Very High Frequency of Early-Onset Parkinson's Disease and PRKN Mutations among Indigenous Patients in Sabah, Malaysia.

Abstract

BACKGROUND Early-onset Parkinson's disease (EOPD) affects approximately 10% to 20% of PD patients, with PRKN mutations being the commonest cause. Genetic studies on EOPD in Southeast Asians, especially indigenous populations, are limited. OBJECTIVES To investigate the frequency and clinical phenotypes of EOPD and PRKN mutations in indigenous populations from Sabah state, Malaysia, and to further characterize the high-frequency PRKN exon 3 deletion in this cohort via breakpoint mapping. METHODS We recruited 284 indigenous Sabahans (184 PD patients, comprising 157 probands and 100 controls). Patients were clinically phenotyped, and PRKN mutational screening and breakpoint mapping performed using multiplex ligation-dependent probe amplification, polymerase chain reaction, and Sanger sequencing.

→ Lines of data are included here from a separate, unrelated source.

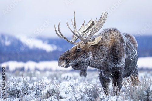 Majestic moose is resting in a tranquil wintery landscape, featuring a snow-covered field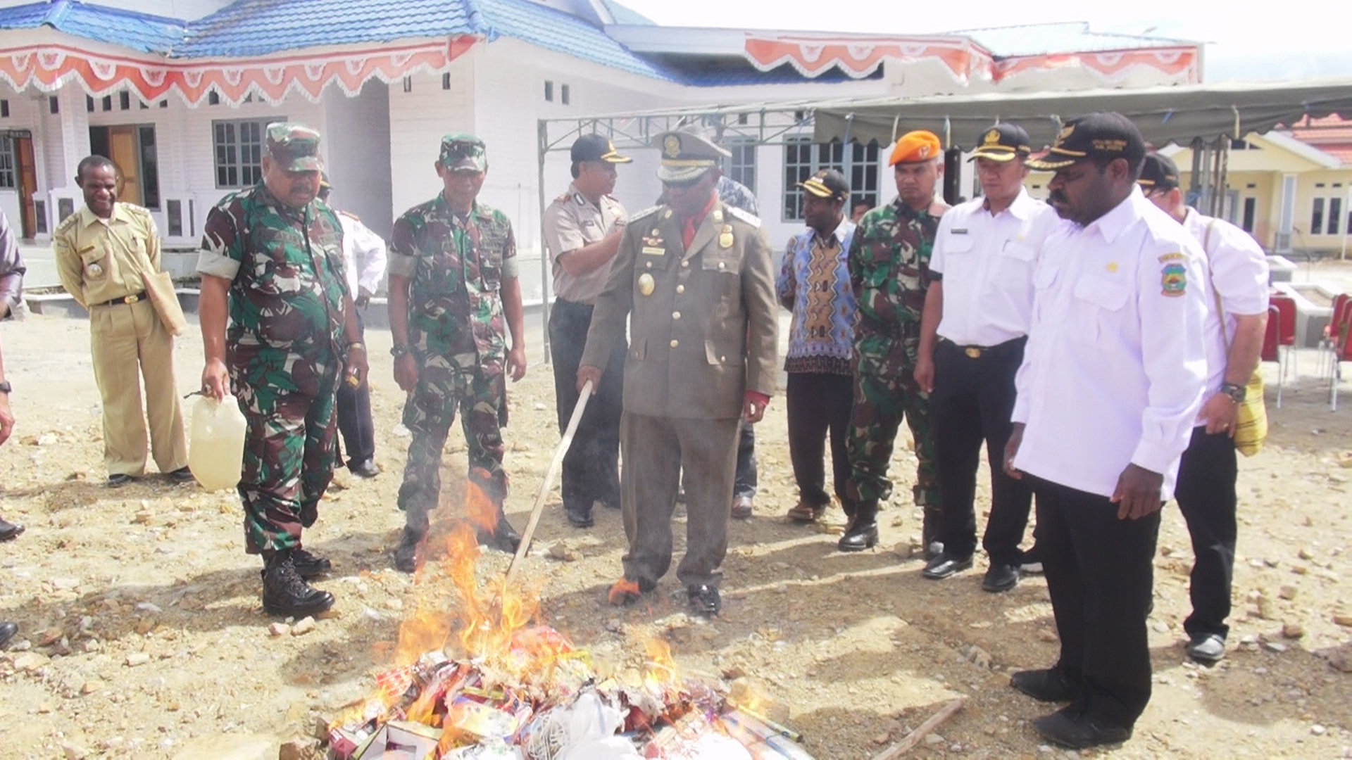Jelang Naratu, Pemkab Dogiyai Musnahkan 10 Karung Mamin Kadaluarsa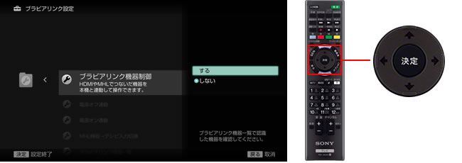 「戻る」ボタンを押して、[ブラビアリンク設定]に戻ります。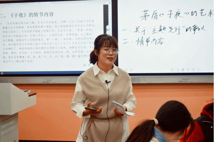 教学督导员胡祥云教授充分肯定了这堂课的教学效果:“冯老师采用了智慧教学手段,使教学形式更丰富,员工参与度高;从《子夜》‘主题先行’的争议切入也让教学内容更深入,课堂氛围更活跃。”2023级中国语言文学类6班张雅晴同学在课后表示:“在这堂课上我真的学到了许多,在深入理解专业知识的同时,思想上也深受触动,讲好中国故事,需要我们青年脚踏实地,好好学习。”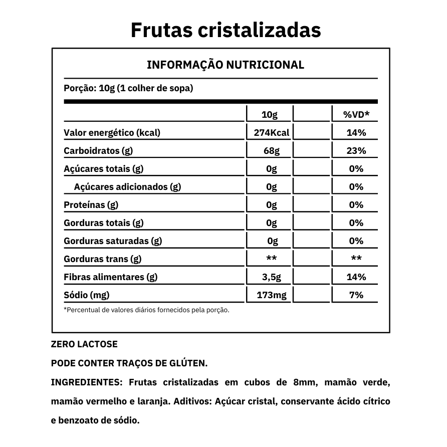 Produzida a partir de diferentes frutas cortadas em pequenos cubinhos, as Frutas Cristalizadas são presença assídua principalmente nas festividades do final do ano. Explicando de forma simples, a cristalização é um processo de conservação da fruta, tornando-as mais duradouras e levemente adocicadas. Este processo de cristalização da fruta consiste em substituir quase toda a água da fruta por uma calda de açúcar, que impede que a fruta se deteriore, mantendo-a própria para consumo durante muito mais tempo. INGREDIENTES: Frutas cristalizadas em cubos de 8mm, mamão verde, mamão vermelho e laranja. Aditivos: Açúcar cristal, conservante ácido cítrico e benzoato de sódio. ALÉRGICOS: PODE CONTER TRAÇOS DE GLÚTEN, LEITE, SOJA, AMENDOIM E CACAU POR CONTAMINAÇÃO CRUZADA. INFORMAÇÕES ADICIONAIS - PODE HAVER VARIAÇÃO DE COR DEPENDENDO DO LOTE. - EMBALAGEM MERAMENTE ILUSTRATIVA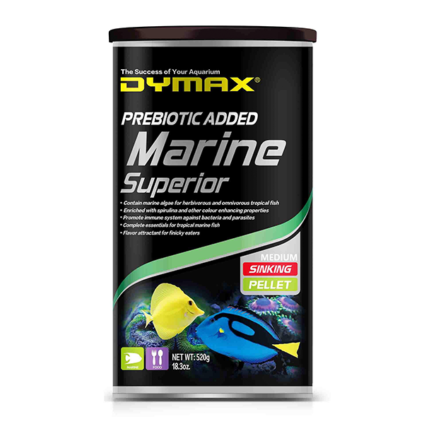 Dymax Marine Superior is made with high quality , easily digestible premium ingredients. This formula is enriched with spirulina and natural carotenoids for super colour enhancing properties combined with fresh seafood and marine algae to create a balanced diet and nutritional supplements that help improve fish health, boosts immune system function and enhances the full spectrum of the fish body colour. Contains marine algae or herbivorous and omnivorous tropical fish. Enriched with spirulina and other colour enhancing properties. Complete essentials for tropical marine fish. Flavour attractant for finicky eaters.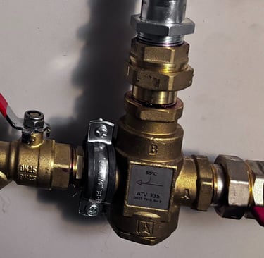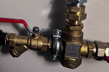 Do momentu osiągnięcia temperatury otwarcia, zawór ATV utrzymuje tzw. krótki obieg – w tym czasie ogrzewany jest jedynie płaszcz wodny kotła oraz krótki odcinek instalacji do samego zaworu. Najczęściej stosowany przez nas model, ATV 55, otwiera się przy temperaturze 55°C. Gdy kocioł osiągnie tę temperaturę, zawór stopniowo zaczyna się otwierać, kierując ciepłą wodę do pozostałej części instalacji, np. do wężownicy zasobnika ciepłej wody użytkowej, aby podgrzać wodę do mycia, lub do układu centralnego ogrzewania, bufora czy sprzęgła hydraulicznego.

RESULTS Notably, 43.9% (n = 69/157) of probands had EOPD. Among them, 56.5% (n = 39/69) carried biallelic PRKN mutations, with homozygous exon 3 deletion accounting for two-thirds of the mutations. Remarkably, all PRKN-PD patients carried at least one exon 3 deletion. Patients of the Dusun tribe had the highest frequency of biallelic PRKN mutations (61.8%). Two unique PRKN exon 3 deletion breakpoints were identified in all carriers, suggesting a possible founder effect. Among PRKN-PD patients, those with homozygous exon 3 deletions had a non-significant earlier age of onset (35.8 ± 10.2 vs. 40.1 ± 9.9) and worse disability after controlling for age and disease duration. CONCLUSION We found a strikingly high prevalence of EOPD and PRKN mutations in indigenous Sabahans, contributing novel data to the very scarce PD genetics literature on global indigenous populations, and highlighting the discovery of populations at high risk of EOPD possibly due to a combination of founder effect and consanguinity. © 2025 International Parkinson and Movement Disorder Society.